/knn

Speaker verification (for Convolutional Neural Networks class @ BUT FIT)

Primary LanguageJupyter Notebook

Speaker Verification

The goal of this project is to create a neural network capable of encoding the speaker's identity into an embedding vector, which can be used for speaker verification. Many loss functions can be used (e.g. triplet loss torch.nn.TripletMarginLoss, Angular Softmax Loss).

Development setup

To create a virtual environment with all the necessary dependencies, run make venv. To use it, run source venv/bin/activate.

For other helpful targets (such as formatting, launching scripts, ...), see Makefile.

Dataset

For training and evaluation, we are using the VoxCeleb dataset. This dataset takes around 30GB and can be downloaded using make download-voxceleb target. This will save the dataset into voxceleb1 directory relative to project root (the path can be changed by setting KNN_DATASET_DIR environment variable).
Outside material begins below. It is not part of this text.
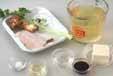 鍋にだし汁を入れ強火にかけ、煮立てば白身魚を加える。

On Metacentrum, I have pre-downloaded this dataset into my home directory at /storage/brno12-cerit/home/tichavskym/voxceleb1.

ECAPA-TDNN training

To train the custom version of ECAPA-TDNN, execute make train. You can use environment variables to parametrize the job run, namely

  • KNN_DATASET_DIR with path pointing to the Voxceleb1 dataset,
  • KNN_MODEL which model to train (either "ECAPA", "WAVLM_ECAPA", "WAVLM_ECAPA_WEIGHTED", or "WAVLM_ECAPA_WEIGHTED_UNFIXED")
  • MODEL_IN_DIR should be set only if you want to start training from a saved checkpoint, this expects ecapa_tdnn.state_dict, classifier.state_dict and optimizer.state_dict files to be present in the given directory.
  • KNN_MODEL_OUT_DIR where the model, classifier and optimizer checkpoints are stored ater each iteration
  • KNN_DEBUG to mark if you're executing in debug mode,
  • NOF_EPOCHS for how many epoch you want to train your model,
  • KNN_BATCH_SIZE to set mini-batch size,
  • KNN_VIEW_STEP to set after how many iteration to print the stats

Output of the training is stored in experiments/ directory by default.

Model evaluation

Model evaluation can be executed using make evaluate target. This will launches evaluate.py script, which evaluates the model on the VoxCeleb test set. This script can be parametrized using environment variables, namely

  • KNN_MODEL to choose which model to evaluate, either microsoft/wavlm-base-sv, speechbrain/spkrec-ecapa-voxceleb, or ecapa-tdnn,
  • KNN_MODEL_FILENAME if KNN_MODEL is set to ecapa-tdnn, this variable contains the path to the model file with weights and biases. This file should be in a state_dict format,
  • KNN_DATASET_DIR with path pointing to the Voxceleb1 dataset,
  • EVAL_FIRST when debugging, this variable can be set to number of samples to evaluate (when unset, evaluates on the whole verification set).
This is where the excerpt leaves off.